Me empujaba firmemente por los hombros para forzarme a tomar la
horizontalidad mientras Yo la dejaba hacer, asombrado por la actitud de la
desconocida.
Enseguida estuve acostado y tapado nuevamente en tanto la vieja no
cesaba de protestar:
–Señorcito, ha movido el brazo enyesado; eso no está bien; él se va a
enojar...
–Y. . . el Señor –pregunté tímidamente.
–¿Don Cerino? Enseguida vendrá; –respondió la vieja– en cuanto le avise
que Ud. ya se ha recobrado.
Se acercó a la puerta de mi derecha –la otra daba a un baño según supe
después– pero antes de salir se volvió y dijo:
–Estése quieto Señorcito que pronto le traeré un caldo y una horchata de
nueces –sonrió– verá como pronto recupera sus fuerzas.

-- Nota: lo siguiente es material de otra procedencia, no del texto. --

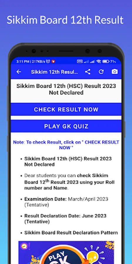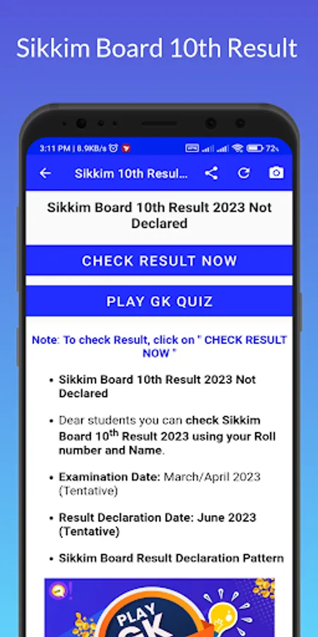 Disclaimer Note: Application is not a official app of Sikkim Board result. This app contains only the Web View system, in which we display the Website into app. So, If any error you face, regarding Sikkim Results 2023 Please contact to your respective ones or website Owner.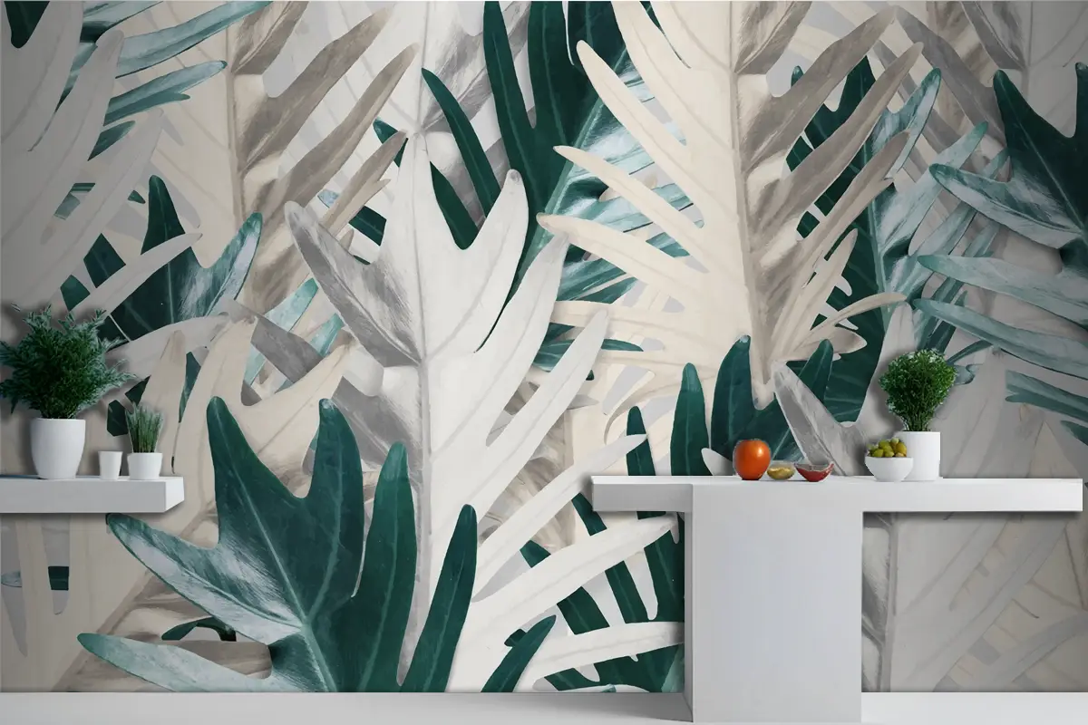 Altın Ve Yeşil Palmiye Yaprağı Mutfak Duvar Kağıdı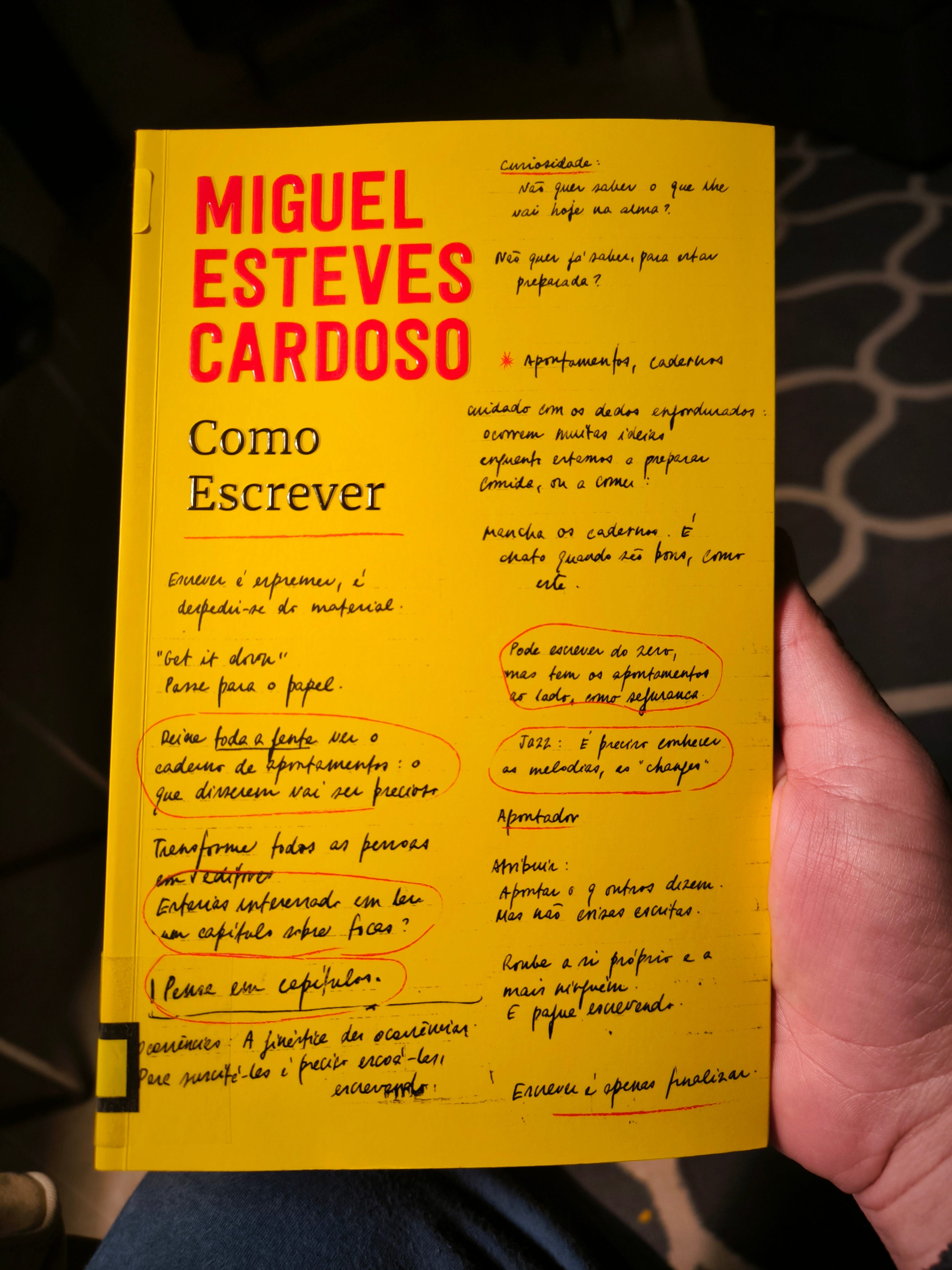 Li o mais recente livro do Miguel Esteves Cardoso, Como Escrever. Adorei-o, do princípio ao fim, repleto de lugares-comuns cheios de humor, sobre escrever, sobre processos, sobre a importância da palavra escrita. Gosto dos livros que me fazem rir no silêncio da leitura. Voltei a ser lembrado que podemos ser divertidos a falar de coisas sérias, sem perder a seriedade e utilizando algum humor como apontamento estilístico que pode reforçar ideias. Só tive pena de, sendo da biblioteca aqui do burgo, não ter podido seguir um dos conselhos iniciais: anotá-lo nas amplas margens. Teria ficado cheio de rabiscos, como eu gosto. E ainda para mais, tornar-me-ia num leitor-escritor enquanto o fazia. Mas o Miguel explica isso bem melhor do que eu.

Conforme pasaron los días me fui reponiendo y quince días después ya
bajaba al comedor y daba paseos por el parque contiguo a la casa.
Otros quince días más tarde me quitaron el yeso y, recién a los treinta y
cinco días de haber llegado a Santa María, pude partir para Tafí del Valle en
asombrosas circunstancias que luego narraré.
Al comienzo escribí varias veces a mis padres, mintiendo una supuesta
investigación arqueológica en el Pucará de Loma Rica para tranquilizarlos por mi
prolongada ausencia. También hablé por teléfono con el Dr. Cortez con el fin de
solicitarle una extensión de quince días a mis vacaciones que expiraban en esos
días, pero sólo accedió a ello cuando le informé que había sufrido un accidente.
Las cosas se ponían difíciles pues aún no había comenzado a averiguar el
paradero del hijo de Belicena Villca y ya se acababan mis vacaciones. Sin
embargo al partir de Santa María, la moral era alta y tenía más fe que nunca. A
ello habían contribuido las prolongadas conferencias que sostuve con mi
extraordinario familiar. Pero regresemos a aquellos días de convalescencia,
cuando tío Kurt inició el relato de su fantástica vida.
Capítulo II
Como soy médico, ya en los primeros días de la convalescencia,
comprendí que ésta sería larga, por lo que, disponiendo del tiempo suficiente, no
veía ninguna razón para no contarle mi aventura a tío Kurt. Nunca experimenté el
deseo de compartir mis asuntos con nadie ni he tenido confidentes. Pero ahora
era distinto. Desde el día del sismo, venía lamentando no conocer a nadie en
quien confiar; alguien lo suficientemente “espiritual” como para no burlarse de los
hechos ocurridos alrededor de la muerte de Belicena Villca. Pero también que
dispusiese de la libertad necesaria para poder asumir un conocimiento que
entrañaba tan graves peligros.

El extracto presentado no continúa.